Python Selenium報廢崩潰，我可以在網頁的一部分中找到元素嗎？

Question

我正在嘗試從網站上抓取一些數據。 該網站上有一個“加載更多產品”按鈕。 我正在使用：

driver.find_element_by_xpath("""//*[@id="showmoreresult"]""").click()

按下按鈕，然后循環進行一定次數的迭代。

我遇到的問題是，一旦完成這些迭代次數，我想使用以下方法從網頁中提取文本：

posts = driver.find_elements_by_class_name("hotProductDetails")

但是，這似乎會使Chrome崩潰，因此我無法獲取任何數據。 我想做的是用每次迭代后加載的新產品填充帖子。

單擊“加載更多”后，我想從剛加載的50種產品中獲取文本，追加到我的列表中並繼續。

我可以在每次迭代中運行以下代碼行posts = driver.find_elements_by_class_name("hotProductDetails") ，但它每次都會posts = driver.find_elements_by_class_name("hotProductDetails")頁面上的每個元素，並確實減慢了該過程。

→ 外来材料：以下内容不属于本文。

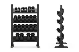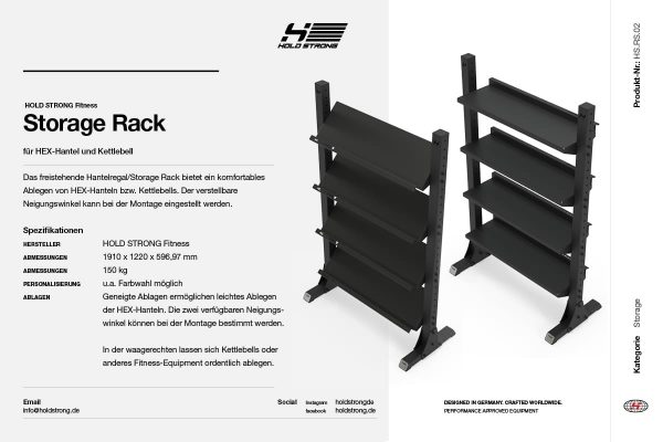 Das freistehende Hantelregal/Storage Rack bietet ein komfortables Ablegen von HEX-Hanteln bzw. Kettlebells. Der verstellbare Neigungswinkel kann bei der Montage eingestellt werden.

無論如何在Selenium中實現此目標還是使用該庫受到限制？

這是完整的腳本：

import csv
import time
from selenium import webdriver
import pandas as pd

def CeXScrape():
    print('Loading Chrome...')
    chromepath = r"C:\Users\leonK\Documents\Python Scripts\chromedriver.exe"
    driver = webdriver.Chrome(chromepath)

    driver.get(url)

    print('Prepping Webpage...')    
    time.sleep(2)    
    driver.execute_script("window.scrollTo(0, document.body.scrollHeight);")

    y = 0
    BreakClause = ExceptCheck = False    
    while y < 1000 and BreakClause == False:
        y += 1
        time.sleep(0.5)
        try:
            driver.find_element_by_xpath("""//*[@id="showmoreresult"]""").click()
            ExceptCheck = False
            print('Load Count', y, '...')
        except: 
            if ExceptCheck: BreakClause = True
            else: ExceptCheck = True
            print('Load Count', y, '...Lag...')
            time.sleep(2)
            continue

    print('Grabbing Elements...')
    posts = driver.find_elements_by_class_name("hotProductDetails")
    cats = driver.find_elements_by_class_name("superCatLink")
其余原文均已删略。